Both (concepts and details) are important, they can’t exist without each other. The problem is that, due to new way we now consume information, we’ve started prioritizing memorizing details over deeply understanding concepts. Tweets without elaboration, infinite options, continuous partial attention — all of these cause us to focus on fleeting facts and stories, creating only the illusion of real understanding (which we hope to apply later).

I was exposed to this to an extreme degree. I like listening to interviews, reading articles, and books, and many ideas from there were ending up in my notes without much digestion. One of the last times I listened to a podcast, that criticized meetings at tech companies and proposed their complete abandonment. The arguments were typical: meetings are tiring, meetings lead to more meetings, meetings are an alternative to real work.

I’ve long sympathized with this view, though never had a concrete explanation for why. Since these arguments felt like an explanation, I wrote something along these lines in my notes: “meetings are evil, companies should avoid them at all costs.”

This happened to me everywhere — studying a technical pattern, brainstorming ideas with the product team, diving into new fields. I had a lot of “profound” notes (details), but the moment I tried to apply them practically or explain them to someone else, none of them made sense.

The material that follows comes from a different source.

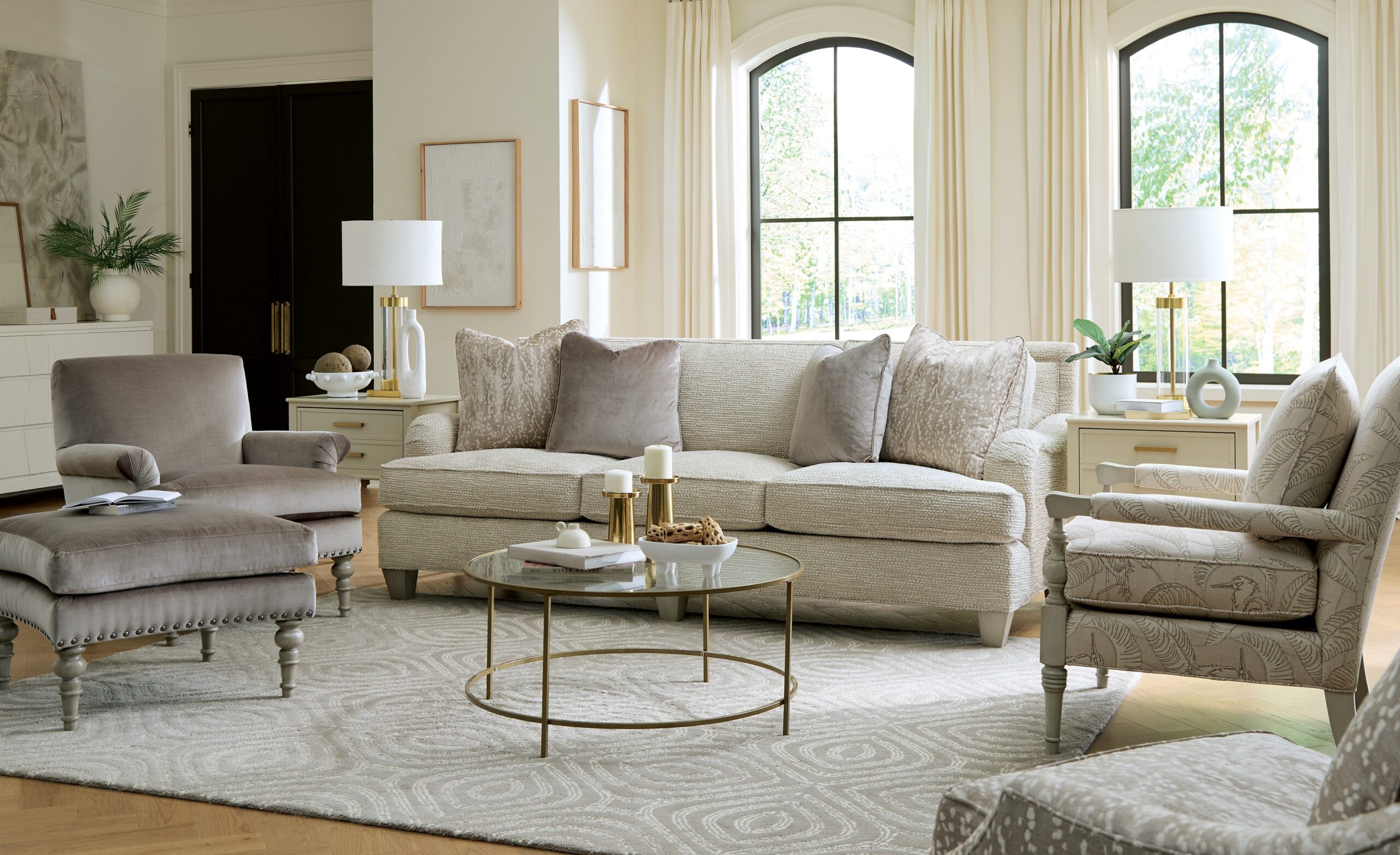 Deep seated, cuddle-up comfort is what this sofa is known for, but the gorgeous design elements are a close second! This generously scaled style is 95″ in length and features classic English arms, a picture-frame style welted back, low tapered legs and plush Downblend seating. 2 pairs of Downblend toss pillows are standard. Also available are the matching loveseat, chair 1/2 and ottoman.

That’s why I decided to change my approach. Today, if I hear that “meetings are evil,” I try to ask one question: “why?”. From this question, I’ll start an hour-long adventure into cognitive psychology and management. I’ll shallowly (which is fine) explore concepts related to cognitive fatigue, decision-making patterns, and the lack of body language cues, skim through articles about successes and failures in asynchronous teams, and only then draw my own conclusions (details with exceptions).

If a detail isn’t worth deep research, there’s a high chance I don’t need to remember it in the first place. I’ll try to forget about it, get it out of my head, and focus on something more important.